Counting bigrams (pair of two words) in a file using Python


I want to count the number of occurrences of all bigrams (pair of adjacent words) in a file using python. Here, I am dealing with very large files, so I am looking for an efficient way. I tried using count method with regex "\w+\s\w+" on file contents, but it did not prove to be efficient.

e.g. Let's say I want to count the number of bigrams from a file a.txt, which has following content:

"the quick person did not realize his speed and the quick person bumped "

For above file, the bigram set and their count will be :

(the,quick) = 2
(quick,person) = 2
(person,did) = 1
(did, not) = 1
(not, realize) = 1
(realize,his) = 1
(his,speed) = 1
(speed,and) = 1
(and,the) = 1
(person, bumped) = 1

I have come across an example of Counter objects in Python, which is used to count unigrams (single words). It also uses regex approach.

The example goes like this:

>>> # Find the ten most common words in Hamlet
>>> import re
>>> from collections import Counter
>>> words = re.findall('\w+', open('a.txt').read())
>>> print Counter(words)

The output of above code is :

[('the', 2), ('quick', 2), ('person', 2), ('did', 1), ('not', 1),
 ('realize', 1),  ('his', 1), ('speed', 1), ('bumped', 1)]
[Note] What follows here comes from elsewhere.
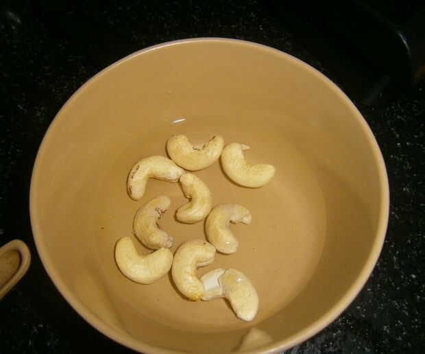 Remoje los anacardos crudos en 1/2 tazas de agua hirviendo durante 30 minutos.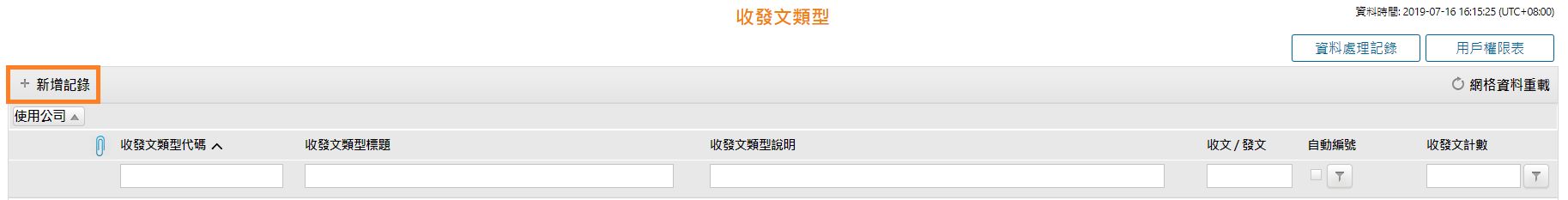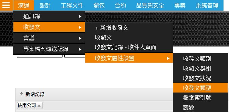 - 新增收發文記錄前,需先至屬性設置建立收發文類型。若所需類型已建立,可直接至[收發文]中建立記錄。

I was wondering if it is possible to use the Counter object to get count of bigrams. Any approach other than Counter object or regex will also be appreciated.


Solution

  • Some itertools magic:

    >>> import re
    >>> from itertools import islice, izip
    >>> words = re.findall("\w+", 
       "the quick person did not realize his speed and the quick person bumped")
    >>> print Counter(izip(words, islice(words, 1, None)))
    

    Output:

    Counter({('the', 'quick'): 2, ('quick', 'person'): 2, ('person', 'did'): 1, 
      ('did', 'not'): 1, ('not', 'realize'): 1, ('and', 'the'): 1, 
      ('speed', 'and'): 1, ('person', 'bumped'): 1, ('his', 'speed'): 1, 
      ('realize', 'his'): 1})
    

    Bonus

    Get the frequency of any n-gram:

    from itertools import tee, islice
    
    def ngrams(lst, n):
      tlst = lst
      while True:
        a, b = tee(tlst)
        l = tuple(islice(a, n))
        if len(l) == n:
          yield l
          next(b)
          tlst = b
        else:
          break
    
    >>> Counter(ngrams(words, 3))
    

    Output:

    Counter({('the', 'quick', 'person'): 2, ('and', 'the', 'quick'): 1, 
      ('realize', 'his', 'speed'): 1, ('his', 'speed', 'and'): 1, 
      ('person', 'did', 'not'): 1, ('quick', 'person', 'did'): 1, 
      ('quick', 'person', 'bumped'): 1, ('did', 'not', 'realize'): 1, 
      ('speed', 'and', 'the'): 1, ('not', 'realize', 'his'): 1})
    

    This works with lazy iterables and generators too. So you can write a generator which reads a file line by line, generating words, and pass it to ngarms to consume lazily without reading the whole file in memory.